There’s something else though that’s helped my system attain that elusive quality of coherence. In Issue 36 I talked about my extreme reluctance to write about cables. In response, I heard from an old friend from a cable company who wanted me to hear their products. He sent a heap of cables, which I used exclusively for a year.
At first, I was delighted at the sonic difference – just because it was different. And quite a bit different. But gradually I became dissatisfied with the sound. I forget whether HP would have described it as yin or yang, but it was definitely leaning towards one of those. (And to defend my pal’s company’s work, they were a class of cables not meant to compete with the best.) I was at a loss.

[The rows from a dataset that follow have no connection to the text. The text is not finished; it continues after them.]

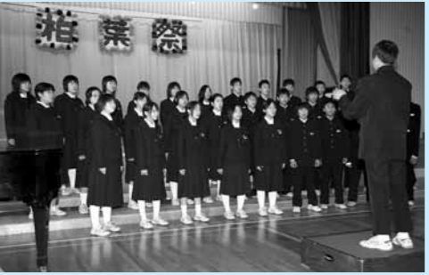
奥北中学校 11月12日 合唱コンクール 2年3組「君とみた海」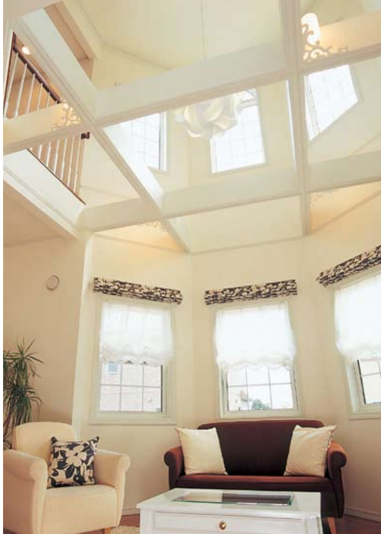
ダイナミックな吹き抜けのリビング。ここは、左の写真に見る外観の八角形の部分。白を基調とした繊細な美しさとモダンテイストにあふれる、デザイン性に富んだ空間設計が魅力的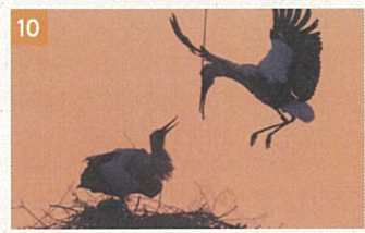
10 鳴門のコウノトリ(ウォッチングスポット)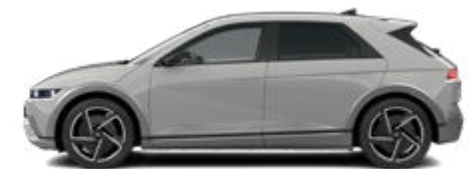
Cyber Gray Metallic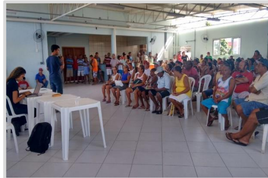
Reunião temática ou com grupos específicos Barra do Riacho – Aracruz/ES (05/04)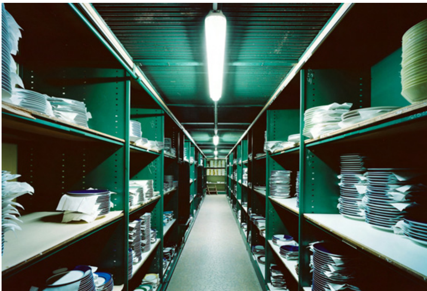
Magasin de blanc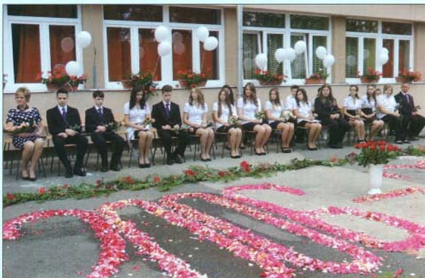
Ballagó diákjaink 2014 júniusában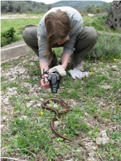
Slika 2. Terensko delo.

Večinoma so bili osebki plazilcev zgolj opazovani in fotodokumentirani (slika 2), saj že to največkrat zadostuje za vrstno določitev. S tem smo se tudi želeli izogniti nepotrebnemu vznemirjanju živali. Za lov kuščaric smo uporabljali zanko iz sintetične niti z žičnato oporo, ki jo je potrebno kuščarici natakniti okoli vratu. Slepce in kače iz družine gožev in vodaric smo lovili z golimi ali s tanjšimi rokavicami zaščitene rokami. 28. aprila smo se na nočnem terenu pridružili skupini za dvoživke, ki je na taboru popisovala tudi sklednice ( Emydidae ), ki prav zaradi tega niso vključene v tem poročilu. Zbirali smo tudi kače leve, podatke o povoženih osebkih ter podatke, ki so jih posredovali udeleženci drugih skupin na taboru. Pri določanju vrst smo uporabljali določevalne ključe (Arnold 2004, Mršič 1997, Tome 1999). Ujete plazilce smo razvrstili v starostne razrede (adult / subadult / juvenil) in kjer je bilo to mogoče določili njihov spol. Na nekaterih smo opravili tudi standardne morfometrične meritve. Vsi ujete plazilci so bili po določitvi izpuščeni na mestu ulova. Najdiščem plazilcev smo z GPS sprejemnikom določili stopinjske koordinate in nadmorsko višino. Na terenu zbrani podatki so bili vneseni v elektronske popisne liste. Zbrane podatke in fotografije nekaterih osebkov in njihovih življenjskih prostorov hrani avtor.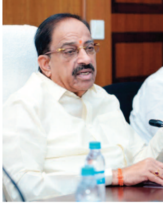
సుందరంగా తీర్చిదిద్దాలని సూచించారు. కొన్ని ప్రాంతాల్లో

అతి భారీ వర్షాలు కురిసే అవకాశం ఉన్నందున అత్యంత అప్రమత్తంగా ఉండాలన్నారు.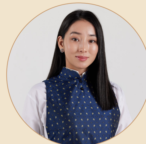
Г. Ган-Эрдэнэ Ёс зүйн хорооны нарийн бичгийн дарга КГ-Комплайнсын ахлах менежер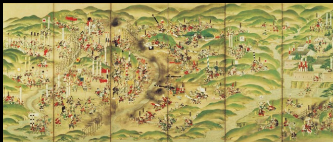
長篠合戦図屏風 六曲一隻 江戸時代 18~19世紀 (展示: 8/14~9/16)

[表紙の作品]・朱塗啄木糸威具足 徳川義直(尾張家初代)所用 江戸時代 17世紀・黒塗桐紋鞍・鎧 伊勢駿河守貞雅作 徳川家康所用 桃山~江戸時代 16~17世紀・作品は全て徳川美術館蔵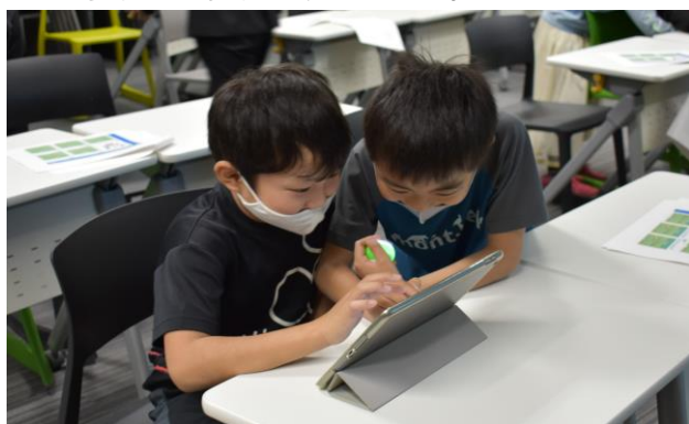
プログラムを二人で調節

幌別小学校の3年生～6年生が、日本工学院北海道専門学校でプログラミング学習の授業を受講しました。11月13日（金）は3年生、20日（金）は4年生、12月8日（火）は5年生、15日（火）は6年生の授業が実施されました。3年生は、スフィロというボール型のロボットを使用して、視覚的にプログラミングを学びました。スフィロに、動かす時間や方向、早さをプログラミングし、的に合わせてそれを動かします。的に外したらプログラミングを何度も組み直します。その結果、後半には的に入った班もいくつかあり、盛り上がりました。6年生は、コースが難しく、プログラミングを組むことも難しい中、何回もチャレンジしていました。どの学年の子どもたちも、熱心に講師の話聞いて楽しく積極的に取り組んでいた姿は大変立派でした。

So: I went to Cardas, specifically newish company head Angela Cardas Meredith, George Cardas’ youngest. I called her, pled my case, and she agreed to send some cables for me to play with.
But I have to say, I didn’t expect what she sent (though I crossed my fingers): Clear Beyond XLR and Clear Reflection XLR cables. First of all, these Cardas XLR connectors are like gorgeous jewelry. My old Cardas stuff used Neutrik; not these massive, gleaming, golden barrels. These are serious connectors.
I haven’t yet discerned quite how Clear Beyond is different from Clear Reflection, but if there is a difference it’s extremely subtle and all falls well within the family. The difference is claimed to be that Clear Reflection is a kind of hearkening back to George’s old Golden Reference cables, which were a real breakthrough. Also, being able to hook up all my electronics via balanced connections rather than single-ended is something that I’m sure leads to a greater coherence, as well. (Now the only pieces that don’t have balanced connections are the turntable-to-phono-stage and the Magnum Dynalab FM tuner.
Am I done? HAH!
As I’ve written, I may be dying soon, and if this is where the system is going to be in the time I have left, I’m happy with it. But you know, if I’m going to survive, well…
There are some very interesting speakers out there.